De turbo en zijn relevante delen werden gewoon op de motor geschroefd. Een nieuw uitlaatsysteem werd gebouwd, de 4 in 1 uitlaatbochten kwamen uit in een Rajay-turbo die vlak achter de cilinderkop gemonteerd zat op de plaats waar normaliter de carburateurs zaten. Een regelklep in de wastegate zorgde ervoor dat de turbodruk instelbaar was. Een inlaatspruitstuk met een enkele 38mm-Bendix carburateur was voldoende om de verbrandingsgassen onder druk de cilinderkoppen in te jagen. De brandstofpomp die deze carburateur voedde nam de plaats in waar normaliter het boordgereedschap zat. Het setje werd daarom niet meegeleverd met de Z1R-TC. De regelklep op de wastegate van de turbo kon je eenvoudig zelf instellen met een schroevendraaier. Het resultaat kon je mooi aflezen op de drukmeter, die deel uitmaakte van de tellerpartij. Een schitterende en tegelijkertijd desastreuze mogelijkheid…

Explosief

Dat was het. Hiermee werd de koper dus losgelaten. Zijn belangrijkste hulpmiddel was toch echt het do’s & don’t-lijstje… Afgezien van de turbo en het nieuwe in- en uitlaatsysteem bleef het motorblok van de Z1R geheel standaard. Er kwamen twee TC (Turbo Charged) stickers op de zijdeksels en het gewicht steeg van 246 kg naar 254 kg. Belangrijker was de stijging van het motorvermogen. Met een medium turbodruk steeg het vermogen van 90 pk naar 130 pk @ 8.500 tpm. Inderdaad, een winst van 40 pk door een klein slagje met een schroevendraaier. Niet alleen was de stijging van het vermogen spectaculair, datzelfde gold ook voor het rijgedrag. Het frame kon de krachten werkelijk niet aan en bij echt sportief gebruik was de wegligging bloedlink. Tot een toerental van 4.000 – 4.500 tpm voelde de Z1R-TC nog aan als een standaard Z1R, daarboven brak de hel volledig los en werd het echt spannend. Het voelde aan alsof je werd gelanceerd, de naald van de toerenteller schoot als een komeet door naar het rode gebied. Maar dat brute motorvermogen had wel z’n prijs. En dat is nu net wat het rijden met de Z1R-TC zo heerlijk psychotisch maakt.

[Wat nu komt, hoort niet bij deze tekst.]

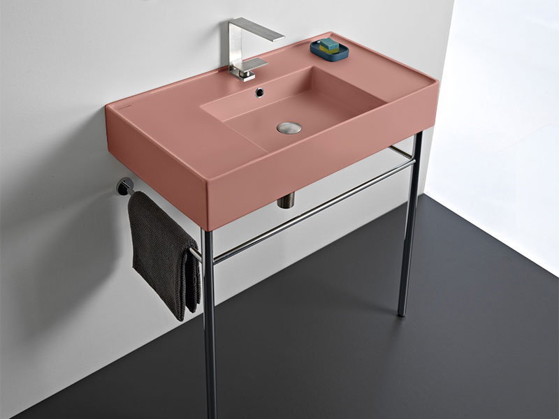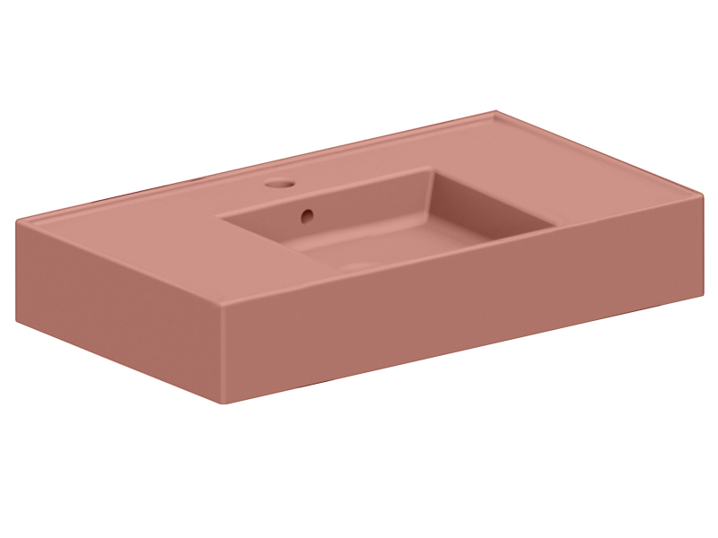 SCARABEO TEOREMA 2.0 DOUBLE SHELF 5123 Раковина накладная или подвесная чаша посередине, одно отверстие под смеситель, с сливом - переливом. Размеры: 81x44x14h см. Настенные крепления и перелив входят в комплект. Цвет Matt Peach.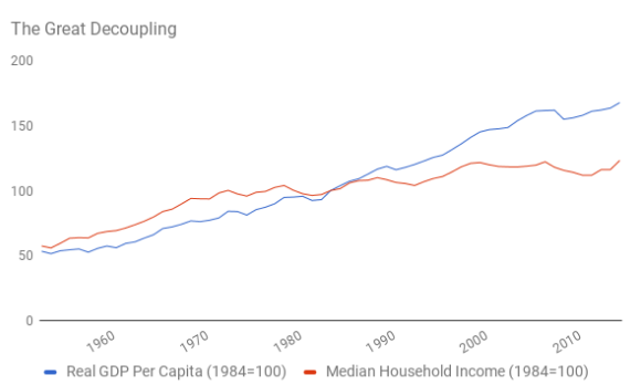 大约在1986年,美国收入与GDP增长之间的传统相关性被打破,这被称为“大脱钩”。资料来源:《World After Capital》。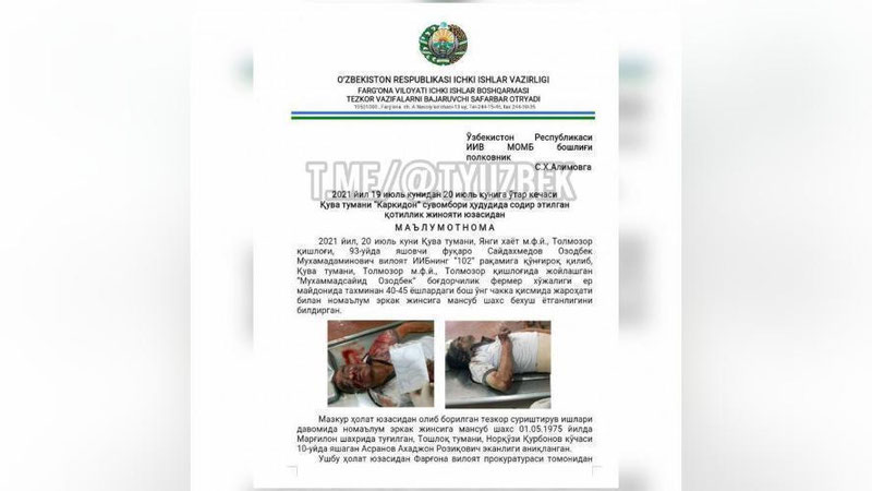 Ijtimoiy tarmoqlarda shu yilning 19 iyul kuni 15-16 yoshli bolalar 45 yoshli taksichini vaxshiylarcha o`ldirib dalaga tashlab ketishganligi haqida xabarlar tarqalgan. Mazkur holat yuzasidan 20 iyul kuni Farg`ona viloyati prokuraturasi tomonidan Jinoyat kodeksining 97 (Qasddan odam o`ldirish) va 164 (Bosqinchilik) bilan jinoyat ishi qo`zg`atilgan. Bu haqda Bosh prokurorining matbuot kotibi - axborot siyosati masalalari bo`yicha maslahatchisi xabar bermoqda.
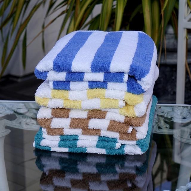 Blue Stripes Printed 100% Organic Cotton Gots Certificate Terry Super-dry Lightweight Custom Logo Print Beach Towel With Tassels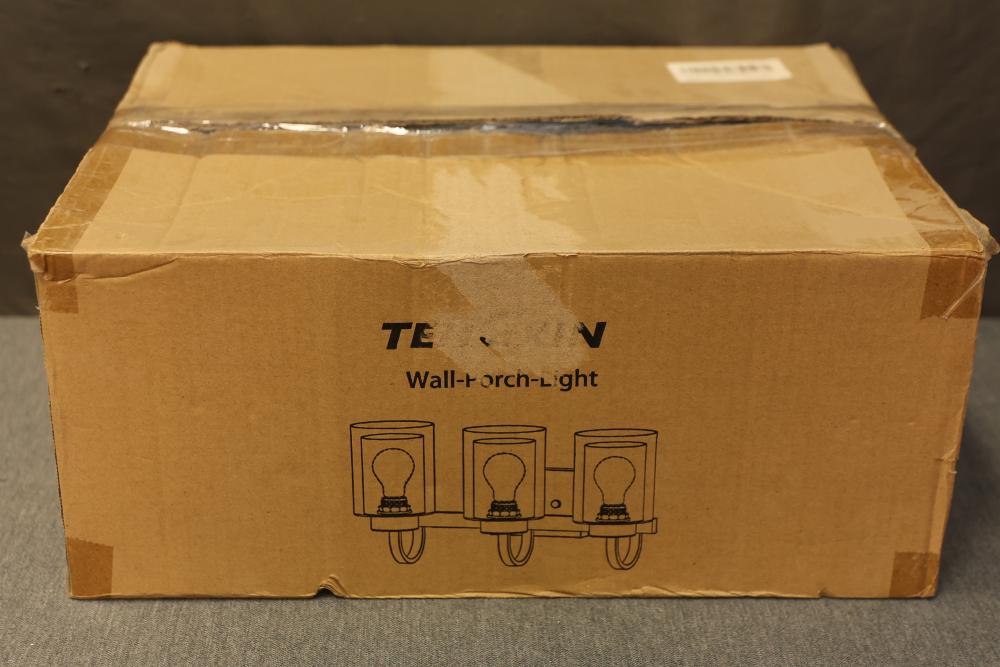TENXGIN TXVLBK02 3-Light Bathroom Vanity Light in Black with Dual Glass Shades, 18.1 Inches. This fixture features a sleek black finish and dual glass shades, offering both durability and style. The 18.1-inch design is ideal for modern bathroom spaces. Item comes in its original packaging. Pickup only.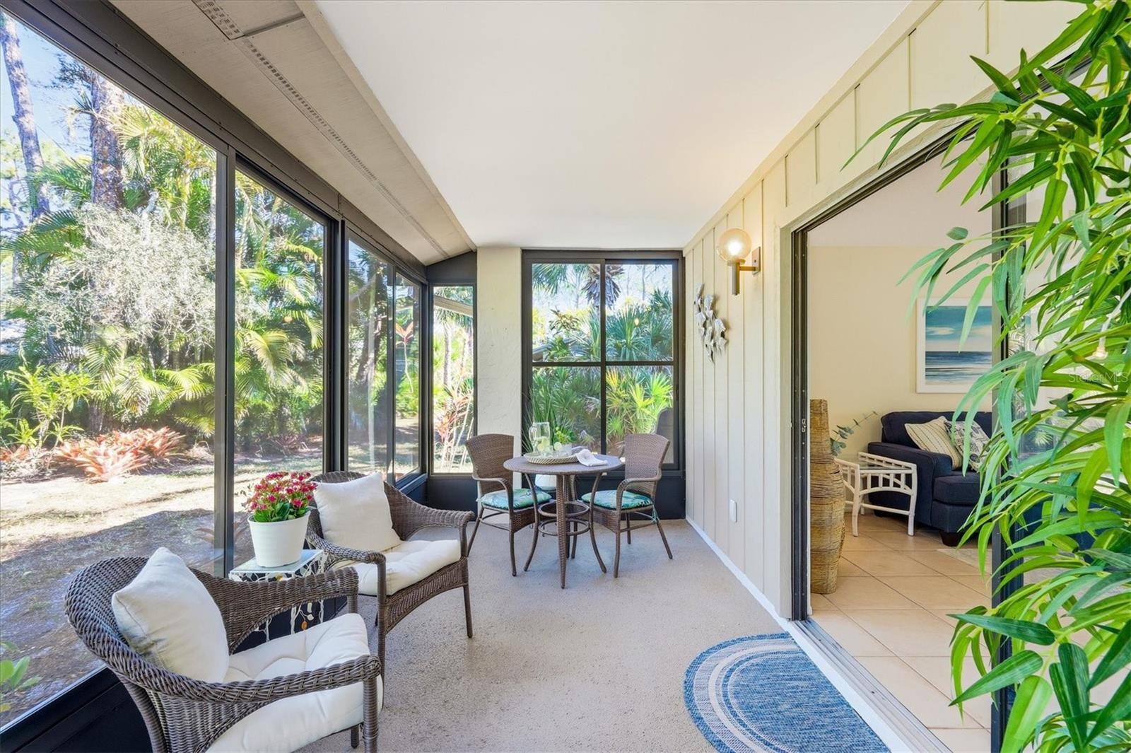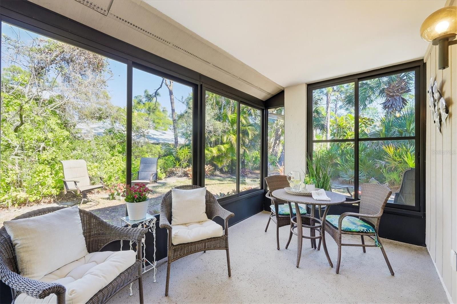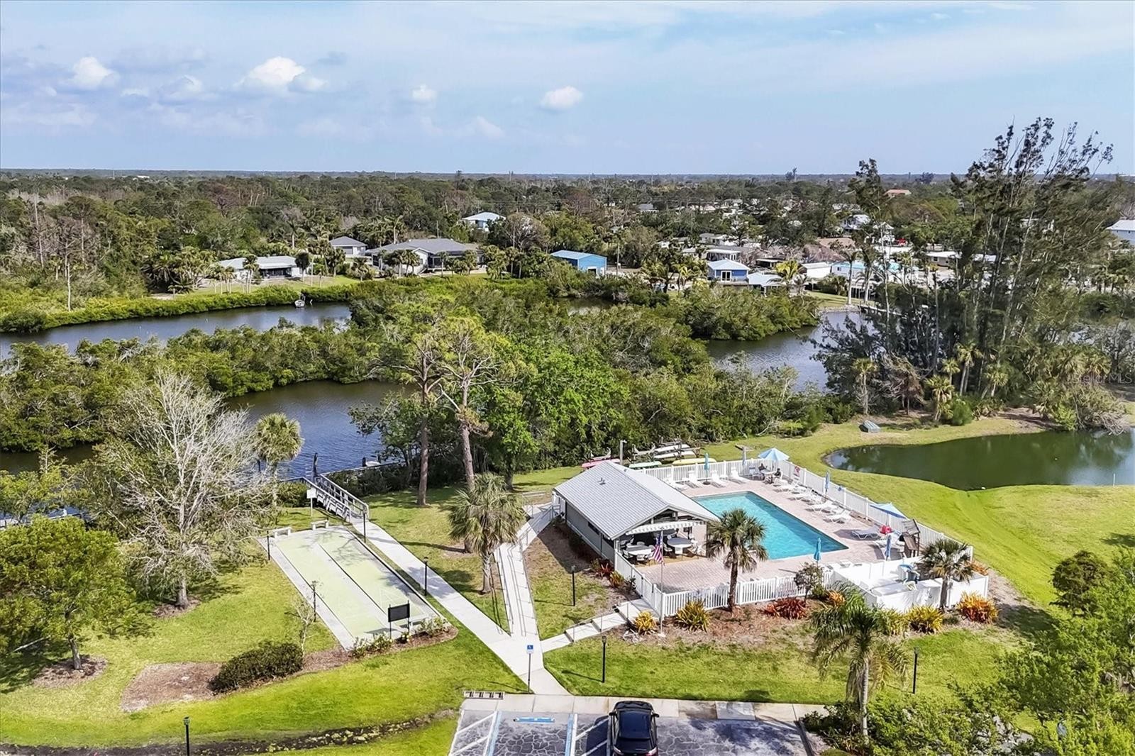 This TURNKEY, FURNISHED, 2-bedroom, 2-bath end-unit located in 55+ Gasparilla Condo Complex on peaceful Gottfried Creek offers boating and kayaking access to the Intracoastal Waterway at an affordable price. Boat slips with water and electric for vessels 20' or less, and kayak storage, are available at a first-come basis for an additional fee. Enjoy the heated pool, club house, shuffleboard, fire pit, and social gathering areas in this Englewood community. Although attached, with no unit above or below, the home feels private, with all views overlooking lush Florida landscaping and no traffic noise. The open layout connects the kitchen, dining, and living areas and extends into an enclosed, newly installed (2023) framed, screened, slide-by windows, all-weather lanai. UPDATES INCLUDE: roof (2020), A/C (2018), interior paint (2022), primary bathroom remodel (2024) with quartz countertops, walk-in shower, and porcelain tile; updated guest bath with quartz countertops and higher vanity; kitchen appliances (2018) including refrigerator with ice maker, range, microwave, and dishwasher; plus washer and dryer conveniently located in the kitchen. Ideal for walkers and bicyclists, this home is just 1.5 miles to downtown Olde Englewood shops, restaurants, library, Publix, Walgreens, and Chase Bank. The Elks, Eagles, and Moose Lodges are also nearby. Englewood Beach and Gulf-front dining are a short drive away. Well-suited for full-time living, seasonal use, or investment. Schedule your showing today.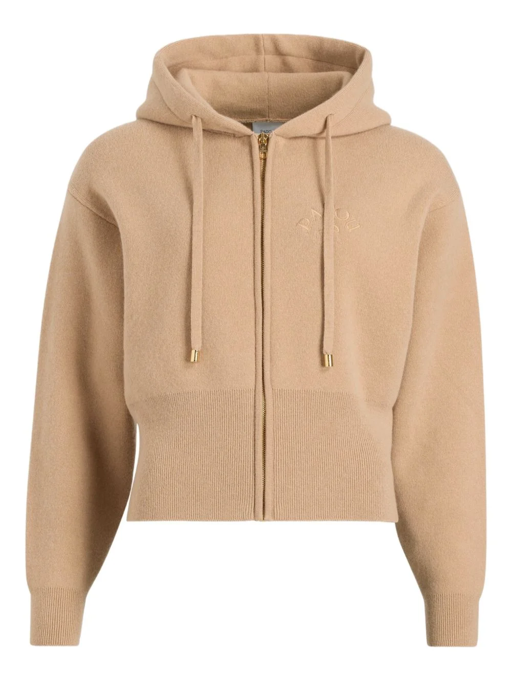 zip-up embroidered hoodie Highlights - Camel - Wool cashmere blend - Zip fastening - Hooded neckline - Embroidered logo - Ribbed hem Imported Composition Cashmere 100%, Merino 100% Washing instructions Dry Clean Only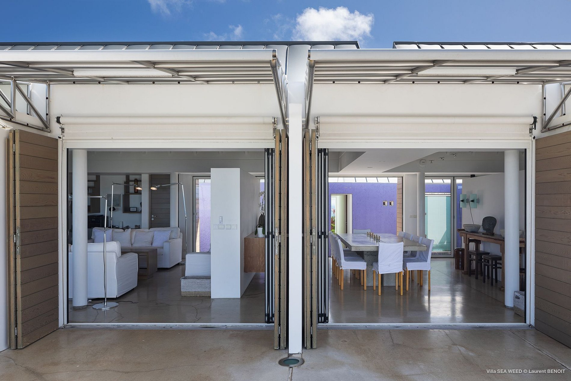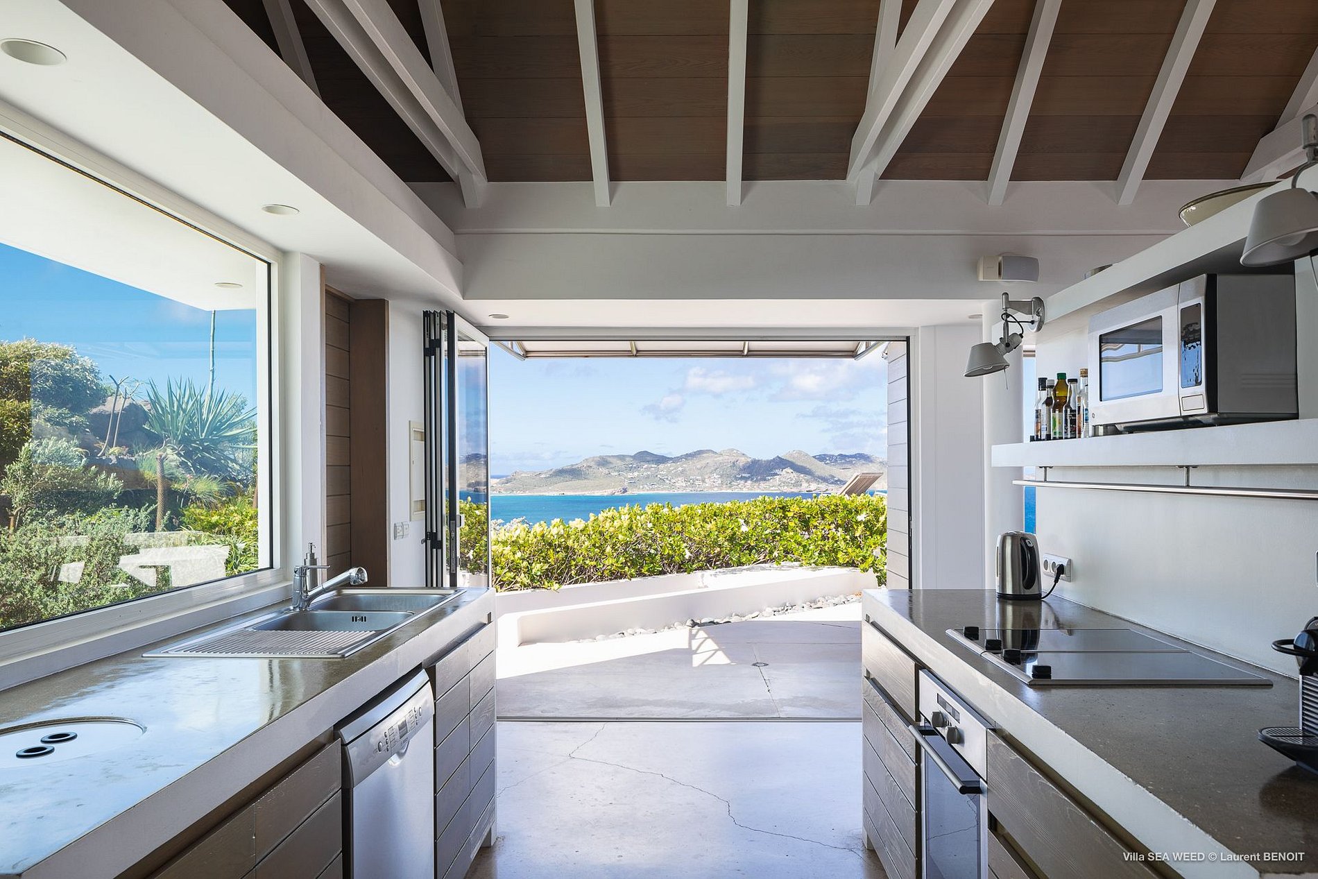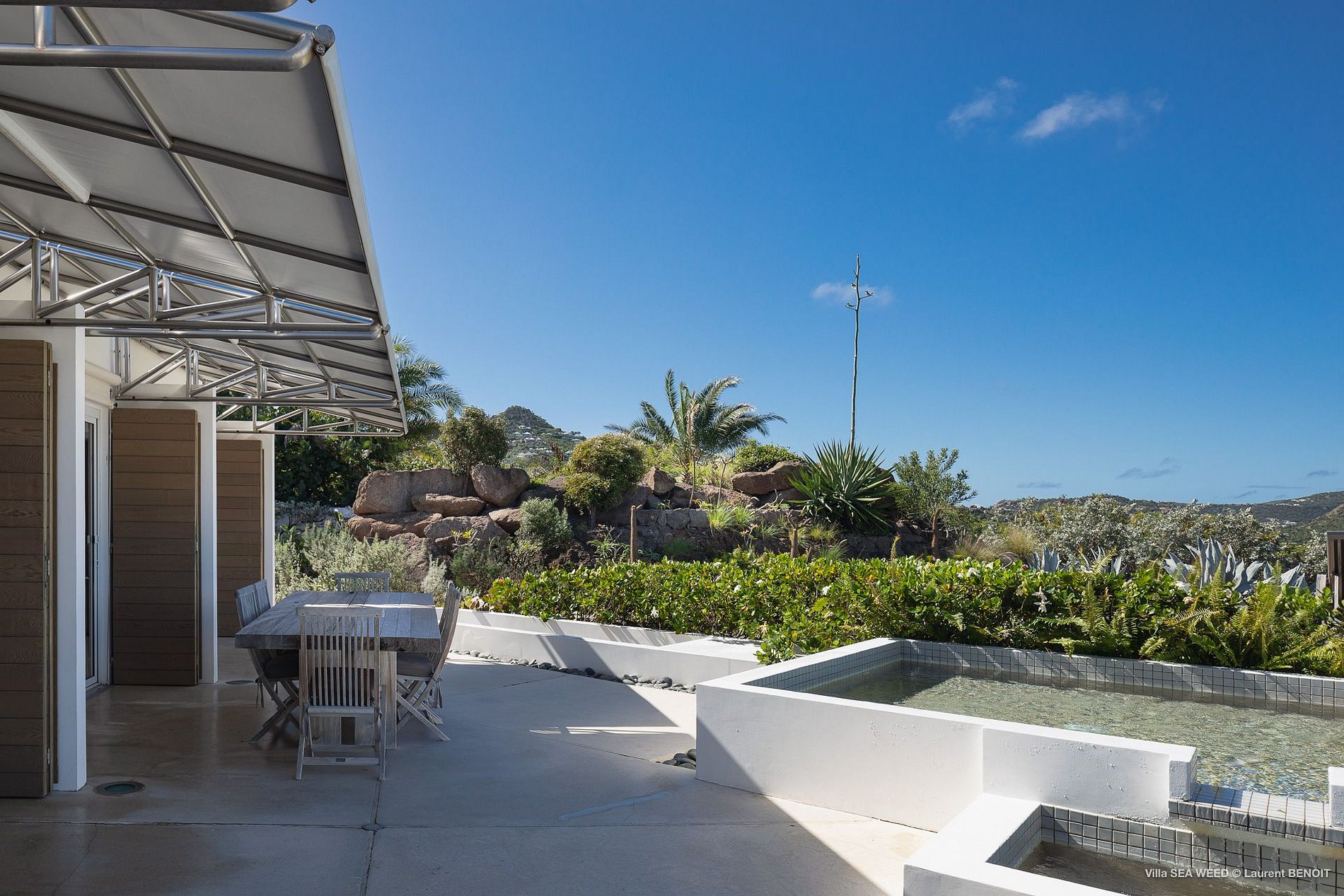 Na crista do monte que encabeça o exclusivo bairro de Pointe Milou, Villa Seaweed expressa-se em desenhos únicos e bem planejados em todos os sentidos possíveis: paisagismo, arquitetura e decoração. O caminho para a casa é acompanhado por um mar de plantas aquáticas e arbustos reminiscentes de uma casa no Hamptons - apenas o agave azul gigante ao lado da casa lembra que se está no Caribe. Uma vez dentro da casa, você é recebido pela visão acolhedora da piscina aquecida de três níveis durante todo o ano, um deck de madeira em meio a um misto de bougainvilles roxos e um amplo gramado verde. A vista para a ilha de St. Maarten torna este o ponto de vista perfeito para o pôr do sol.

Omdat het standaard motorblok nooit ontworpen was voor een dergelijke explosieve vermogensstijging is de kans op motorschade bij deze machine ontzettend groot. Je begrijpt al snel waarom Kawasaki je handtekening als vrijwaring nodig had voordat je de weg op ging. Voorbeelden? De turbodruk kon naar eigen inzicht ingesteld worden. Zat je iets te hoog, dan ging het heel erg snel bergafwaarts met de betrouwbaarheid. Binnen een paar honderd kilometer was de kans groot dat de zuigerveren braken en je zuigers simpelweg smolten in de cilinders door de enorme hitte die vrijkwam. Dodelijk was het als je misschakelde tijdens het accelereren, want kwam je iets te ver boven de 8.500 toeren dan was het afgelopen met de pret. De kans werd dan supergroot op zwevende kleppen, waar de zuigers vervolgens hard mee in aanraking kwamen met enorme motorschade als gevolg. Boven de 6.000 tpm schoot het motorvermogen vreselijk hard en explosief omhoog. Dat kwam mede door de turbo-lag, de beruchte vertraagde reactie van een turbo die even op snelheid moet komen voordat hij zijn echt goed werk doet. Dit effect wordt op de Z1R TC verhevigd door het feit dat de turbo op een volledig standaard motorblok gemonteerd was… Je moet echt ontzettend goed opletten als je met deze Kawasaki op stap gaat. Geloof het of niet, zwevende kleppen en smeltende zuigers waren stukken zeldzamer dan torderende krukassen en torderende drijfstangen. Dat merk je bijna altijd als het echt helemaal te laat is.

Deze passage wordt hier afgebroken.